ABOUT THIS TASK. Which lines mention "English"? Show each one from the listing.

GIVEN DATA.
%%
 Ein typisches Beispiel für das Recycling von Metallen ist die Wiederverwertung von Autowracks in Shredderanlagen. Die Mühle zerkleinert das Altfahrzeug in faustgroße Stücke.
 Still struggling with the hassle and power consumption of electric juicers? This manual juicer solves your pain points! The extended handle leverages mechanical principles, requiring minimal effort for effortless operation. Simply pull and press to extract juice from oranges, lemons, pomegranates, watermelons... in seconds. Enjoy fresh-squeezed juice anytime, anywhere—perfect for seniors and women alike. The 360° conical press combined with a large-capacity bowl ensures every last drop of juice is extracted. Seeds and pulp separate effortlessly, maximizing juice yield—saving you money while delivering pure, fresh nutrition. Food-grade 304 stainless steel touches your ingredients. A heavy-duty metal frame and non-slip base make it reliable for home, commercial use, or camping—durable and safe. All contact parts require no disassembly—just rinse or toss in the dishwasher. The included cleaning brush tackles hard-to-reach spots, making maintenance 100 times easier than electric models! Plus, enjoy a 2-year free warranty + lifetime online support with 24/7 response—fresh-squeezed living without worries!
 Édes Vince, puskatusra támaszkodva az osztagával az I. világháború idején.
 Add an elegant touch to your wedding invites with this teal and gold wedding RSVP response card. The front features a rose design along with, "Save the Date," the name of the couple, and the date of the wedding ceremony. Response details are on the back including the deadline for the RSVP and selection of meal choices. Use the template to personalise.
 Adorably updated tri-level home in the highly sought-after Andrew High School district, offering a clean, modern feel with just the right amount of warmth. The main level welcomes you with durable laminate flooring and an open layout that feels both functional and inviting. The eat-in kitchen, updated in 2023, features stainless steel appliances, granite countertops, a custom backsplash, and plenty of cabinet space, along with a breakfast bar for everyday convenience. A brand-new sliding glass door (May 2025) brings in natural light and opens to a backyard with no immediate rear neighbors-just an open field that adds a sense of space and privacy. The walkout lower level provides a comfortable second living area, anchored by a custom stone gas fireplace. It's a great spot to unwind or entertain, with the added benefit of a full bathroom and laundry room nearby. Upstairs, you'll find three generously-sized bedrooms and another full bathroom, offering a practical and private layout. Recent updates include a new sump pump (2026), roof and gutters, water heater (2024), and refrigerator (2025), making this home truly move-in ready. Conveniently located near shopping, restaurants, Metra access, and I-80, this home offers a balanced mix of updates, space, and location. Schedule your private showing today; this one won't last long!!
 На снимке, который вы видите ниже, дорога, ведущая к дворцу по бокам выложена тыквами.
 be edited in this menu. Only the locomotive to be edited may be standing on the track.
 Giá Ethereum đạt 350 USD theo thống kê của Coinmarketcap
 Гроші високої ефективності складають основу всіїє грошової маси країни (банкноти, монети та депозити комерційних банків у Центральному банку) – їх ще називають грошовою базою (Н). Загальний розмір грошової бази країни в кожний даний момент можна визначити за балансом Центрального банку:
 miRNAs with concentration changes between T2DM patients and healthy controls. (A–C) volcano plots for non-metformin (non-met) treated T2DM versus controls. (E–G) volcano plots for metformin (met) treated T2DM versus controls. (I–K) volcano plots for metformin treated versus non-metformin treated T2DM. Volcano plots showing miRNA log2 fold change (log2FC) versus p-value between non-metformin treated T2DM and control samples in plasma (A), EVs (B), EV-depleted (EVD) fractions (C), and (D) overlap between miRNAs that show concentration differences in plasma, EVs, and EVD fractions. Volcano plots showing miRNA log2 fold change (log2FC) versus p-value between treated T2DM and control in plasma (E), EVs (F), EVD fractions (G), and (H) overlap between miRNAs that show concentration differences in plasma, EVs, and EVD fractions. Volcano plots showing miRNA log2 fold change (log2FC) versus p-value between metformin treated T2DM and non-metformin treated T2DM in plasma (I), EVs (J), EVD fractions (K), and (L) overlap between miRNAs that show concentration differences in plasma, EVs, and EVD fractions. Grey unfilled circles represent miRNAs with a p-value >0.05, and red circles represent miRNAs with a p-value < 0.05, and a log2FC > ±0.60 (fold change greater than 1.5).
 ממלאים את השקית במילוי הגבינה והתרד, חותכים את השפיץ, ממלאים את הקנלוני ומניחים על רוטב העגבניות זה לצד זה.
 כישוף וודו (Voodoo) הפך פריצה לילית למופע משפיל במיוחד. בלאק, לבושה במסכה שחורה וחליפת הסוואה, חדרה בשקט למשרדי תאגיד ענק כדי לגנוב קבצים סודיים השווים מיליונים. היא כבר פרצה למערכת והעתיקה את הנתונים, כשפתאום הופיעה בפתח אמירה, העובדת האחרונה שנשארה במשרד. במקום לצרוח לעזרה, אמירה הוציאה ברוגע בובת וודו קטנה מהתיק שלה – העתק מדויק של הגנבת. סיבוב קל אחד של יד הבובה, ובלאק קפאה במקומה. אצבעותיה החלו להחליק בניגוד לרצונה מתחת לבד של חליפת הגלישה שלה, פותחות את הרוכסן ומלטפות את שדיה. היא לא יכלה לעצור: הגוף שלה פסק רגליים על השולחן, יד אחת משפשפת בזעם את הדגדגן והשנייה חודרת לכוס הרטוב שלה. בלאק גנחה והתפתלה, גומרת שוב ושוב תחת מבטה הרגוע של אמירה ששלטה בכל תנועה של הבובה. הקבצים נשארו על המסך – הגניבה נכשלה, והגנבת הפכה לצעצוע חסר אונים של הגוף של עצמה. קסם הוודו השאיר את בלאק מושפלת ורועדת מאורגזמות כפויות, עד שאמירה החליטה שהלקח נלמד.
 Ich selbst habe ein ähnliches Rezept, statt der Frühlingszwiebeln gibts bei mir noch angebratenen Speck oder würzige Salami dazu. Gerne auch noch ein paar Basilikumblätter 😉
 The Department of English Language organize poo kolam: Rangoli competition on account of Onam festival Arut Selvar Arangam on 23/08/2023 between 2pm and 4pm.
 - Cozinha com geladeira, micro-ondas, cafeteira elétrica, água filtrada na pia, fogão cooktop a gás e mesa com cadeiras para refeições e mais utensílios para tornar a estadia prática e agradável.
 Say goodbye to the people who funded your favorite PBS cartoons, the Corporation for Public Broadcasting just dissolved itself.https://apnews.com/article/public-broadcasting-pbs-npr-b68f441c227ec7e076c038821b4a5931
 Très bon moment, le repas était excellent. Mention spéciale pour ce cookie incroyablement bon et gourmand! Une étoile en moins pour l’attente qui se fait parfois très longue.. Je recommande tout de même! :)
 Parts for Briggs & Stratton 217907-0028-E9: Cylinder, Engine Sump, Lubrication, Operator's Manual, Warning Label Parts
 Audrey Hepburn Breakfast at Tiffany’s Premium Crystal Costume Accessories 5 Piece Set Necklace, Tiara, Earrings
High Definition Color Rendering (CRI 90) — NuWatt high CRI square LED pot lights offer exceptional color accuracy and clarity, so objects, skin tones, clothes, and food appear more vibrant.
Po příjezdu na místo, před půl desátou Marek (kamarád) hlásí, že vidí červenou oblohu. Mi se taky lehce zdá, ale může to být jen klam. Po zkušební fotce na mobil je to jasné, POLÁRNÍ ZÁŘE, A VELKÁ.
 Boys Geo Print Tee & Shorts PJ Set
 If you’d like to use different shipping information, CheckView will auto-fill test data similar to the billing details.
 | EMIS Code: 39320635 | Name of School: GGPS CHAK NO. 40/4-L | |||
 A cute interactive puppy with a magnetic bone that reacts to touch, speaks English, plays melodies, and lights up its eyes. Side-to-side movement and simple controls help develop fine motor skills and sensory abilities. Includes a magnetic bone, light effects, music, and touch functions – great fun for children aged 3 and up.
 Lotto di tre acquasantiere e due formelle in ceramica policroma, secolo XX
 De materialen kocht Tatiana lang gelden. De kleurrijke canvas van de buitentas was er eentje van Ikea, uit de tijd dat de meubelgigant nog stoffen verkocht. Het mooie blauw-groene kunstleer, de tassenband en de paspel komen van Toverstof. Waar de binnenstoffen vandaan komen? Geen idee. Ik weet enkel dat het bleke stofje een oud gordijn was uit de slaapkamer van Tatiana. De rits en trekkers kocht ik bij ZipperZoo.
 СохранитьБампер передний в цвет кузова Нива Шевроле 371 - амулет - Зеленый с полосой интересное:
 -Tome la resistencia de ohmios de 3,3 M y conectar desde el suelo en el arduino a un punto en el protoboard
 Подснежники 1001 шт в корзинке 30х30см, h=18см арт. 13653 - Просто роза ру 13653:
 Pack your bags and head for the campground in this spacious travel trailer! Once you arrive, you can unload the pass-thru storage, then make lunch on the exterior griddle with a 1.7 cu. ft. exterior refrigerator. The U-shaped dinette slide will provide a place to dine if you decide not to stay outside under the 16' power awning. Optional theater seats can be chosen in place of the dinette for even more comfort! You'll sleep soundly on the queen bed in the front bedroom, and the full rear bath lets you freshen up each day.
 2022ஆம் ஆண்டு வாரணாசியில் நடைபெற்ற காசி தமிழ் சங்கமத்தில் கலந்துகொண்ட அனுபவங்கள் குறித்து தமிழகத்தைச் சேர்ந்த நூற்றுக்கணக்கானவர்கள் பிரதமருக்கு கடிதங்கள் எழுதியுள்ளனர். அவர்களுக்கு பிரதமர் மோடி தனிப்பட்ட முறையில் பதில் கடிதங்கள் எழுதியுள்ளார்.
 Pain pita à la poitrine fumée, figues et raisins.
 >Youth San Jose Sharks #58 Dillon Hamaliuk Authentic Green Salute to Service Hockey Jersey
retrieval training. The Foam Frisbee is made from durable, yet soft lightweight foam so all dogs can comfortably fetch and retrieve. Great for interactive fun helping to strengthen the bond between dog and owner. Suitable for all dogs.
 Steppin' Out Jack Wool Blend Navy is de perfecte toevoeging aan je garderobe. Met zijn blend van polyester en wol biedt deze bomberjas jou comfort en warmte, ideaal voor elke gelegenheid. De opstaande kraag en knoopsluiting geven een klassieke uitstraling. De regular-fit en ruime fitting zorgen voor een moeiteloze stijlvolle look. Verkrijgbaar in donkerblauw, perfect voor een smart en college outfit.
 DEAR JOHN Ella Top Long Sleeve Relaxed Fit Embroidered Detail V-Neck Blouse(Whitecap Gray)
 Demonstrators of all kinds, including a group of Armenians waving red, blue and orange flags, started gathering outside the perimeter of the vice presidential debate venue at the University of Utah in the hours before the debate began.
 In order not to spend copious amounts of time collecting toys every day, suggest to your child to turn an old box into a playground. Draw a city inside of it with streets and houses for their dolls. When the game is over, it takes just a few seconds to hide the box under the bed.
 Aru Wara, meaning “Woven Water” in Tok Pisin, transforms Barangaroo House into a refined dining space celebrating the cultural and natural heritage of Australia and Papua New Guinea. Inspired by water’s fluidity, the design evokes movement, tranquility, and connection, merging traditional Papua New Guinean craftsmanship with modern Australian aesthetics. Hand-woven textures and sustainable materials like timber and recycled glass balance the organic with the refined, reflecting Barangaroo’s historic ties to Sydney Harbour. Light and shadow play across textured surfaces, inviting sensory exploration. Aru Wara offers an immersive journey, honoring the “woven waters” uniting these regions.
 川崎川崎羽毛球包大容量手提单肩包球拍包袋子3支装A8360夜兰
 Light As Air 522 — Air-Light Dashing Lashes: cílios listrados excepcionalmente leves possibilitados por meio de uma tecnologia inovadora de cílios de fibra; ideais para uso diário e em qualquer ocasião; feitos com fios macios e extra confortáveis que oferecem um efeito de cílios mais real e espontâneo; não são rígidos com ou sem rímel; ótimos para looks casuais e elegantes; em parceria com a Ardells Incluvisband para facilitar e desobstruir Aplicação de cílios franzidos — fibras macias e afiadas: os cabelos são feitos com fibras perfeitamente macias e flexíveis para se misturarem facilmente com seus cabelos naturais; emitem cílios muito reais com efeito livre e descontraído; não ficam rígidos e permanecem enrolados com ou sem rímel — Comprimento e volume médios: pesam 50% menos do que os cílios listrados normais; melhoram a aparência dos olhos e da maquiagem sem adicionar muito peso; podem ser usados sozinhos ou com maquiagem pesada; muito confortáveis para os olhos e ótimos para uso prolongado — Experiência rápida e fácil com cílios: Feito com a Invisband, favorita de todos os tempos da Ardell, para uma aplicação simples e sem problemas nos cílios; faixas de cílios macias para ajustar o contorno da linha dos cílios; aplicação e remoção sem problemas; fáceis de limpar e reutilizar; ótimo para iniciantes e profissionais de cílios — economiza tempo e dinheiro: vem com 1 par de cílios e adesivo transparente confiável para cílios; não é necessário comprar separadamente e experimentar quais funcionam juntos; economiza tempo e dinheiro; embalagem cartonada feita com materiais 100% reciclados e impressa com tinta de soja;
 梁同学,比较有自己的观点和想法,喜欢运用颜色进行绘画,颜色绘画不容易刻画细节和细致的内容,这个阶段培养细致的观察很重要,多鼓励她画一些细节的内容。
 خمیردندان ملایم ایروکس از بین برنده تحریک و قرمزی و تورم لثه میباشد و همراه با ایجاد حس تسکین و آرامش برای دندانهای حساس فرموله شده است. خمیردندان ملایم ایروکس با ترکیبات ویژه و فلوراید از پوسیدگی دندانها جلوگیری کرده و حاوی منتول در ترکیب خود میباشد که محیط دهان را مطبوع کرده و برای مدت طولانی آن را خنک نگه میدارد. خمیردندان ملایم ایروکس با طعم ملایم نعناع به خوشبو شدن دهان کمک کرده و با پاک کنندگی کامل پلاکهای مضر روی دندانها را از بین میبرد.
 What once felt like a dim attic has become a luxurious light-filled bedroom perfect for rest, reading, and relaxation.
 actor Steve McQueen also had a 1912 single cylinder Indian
%%
OUTPUT OF THE EXERCISE.
 The Department of English Language organize poo kolam: Rangoli competition on account of Onam festival Arut Selvar Arangam on 23/08/2023 between 2pm and 4pm.
 A cute interactive puppy with a magnetic bone that reacts to touch, speaks English, plays melodies, and lights up its eyes. Side-to-side movement and simple controls help develop fine motor skills and sensory abilities. Includes a magnetic bone, light effects, music, and touch functions – great fun for children aged 3 and up.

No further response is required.